[Information shown — start]

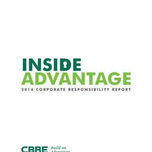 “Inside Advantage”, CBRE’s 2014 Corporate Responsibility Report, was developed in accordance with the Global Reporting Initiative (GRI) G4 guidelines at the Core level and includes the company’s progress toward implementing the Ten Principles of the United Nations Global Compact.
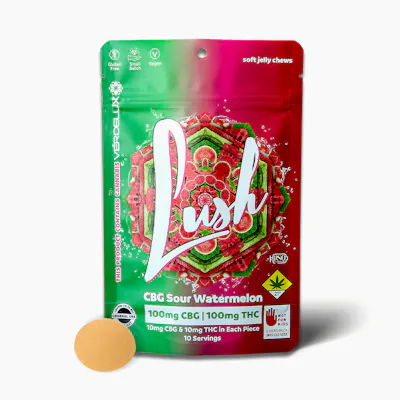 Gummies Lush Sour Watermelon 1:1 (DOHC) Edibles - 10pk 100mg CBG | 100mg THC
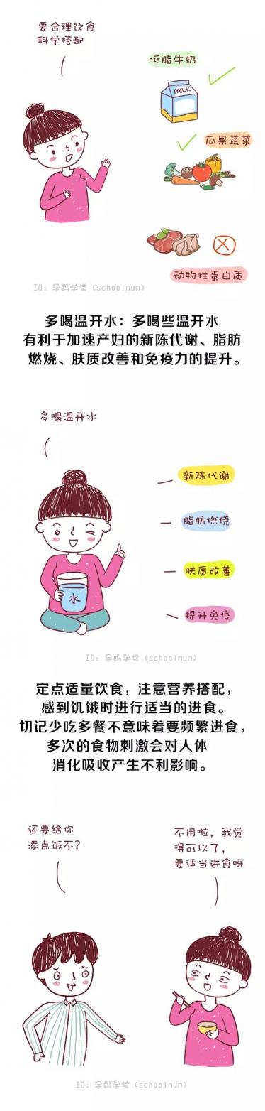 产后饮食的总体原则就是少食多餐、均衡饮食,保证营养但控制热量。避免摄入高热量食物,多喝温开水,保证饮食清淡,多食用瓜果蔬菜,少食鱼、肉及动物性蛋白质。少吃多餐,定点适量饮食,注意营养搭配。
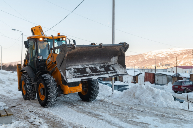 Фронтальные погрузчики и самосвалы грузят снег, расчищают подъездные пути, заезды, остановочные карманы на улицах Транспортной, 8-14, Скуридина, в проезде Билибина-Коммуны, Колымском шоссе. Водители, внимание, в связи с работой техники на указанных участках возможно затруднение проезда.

[Information shown — finish]

What the task asks: The result should be an exact copy of only the lines above from the one that holds "Gummies Lush Sour" through the one that holds "产后饮食的总体原则就是少食多", both ends included, without pictures.

Response for this exercise:
 Gummies Lush Sour Watermelon 1:1 (DOHC) Edibles - 10pk 100mg CBG | 100mg THC
 产后饮食的总体原则就是少食多餐、均衡饮食,保证营养但控制热量。避免摄入高热量食物,多喝温开水,保证饮食清淡,多食用瓜果蔬菜,少食鱼、肉及动物性蛋白质。少吃多餐,定点适量饮食,注意营养搭配。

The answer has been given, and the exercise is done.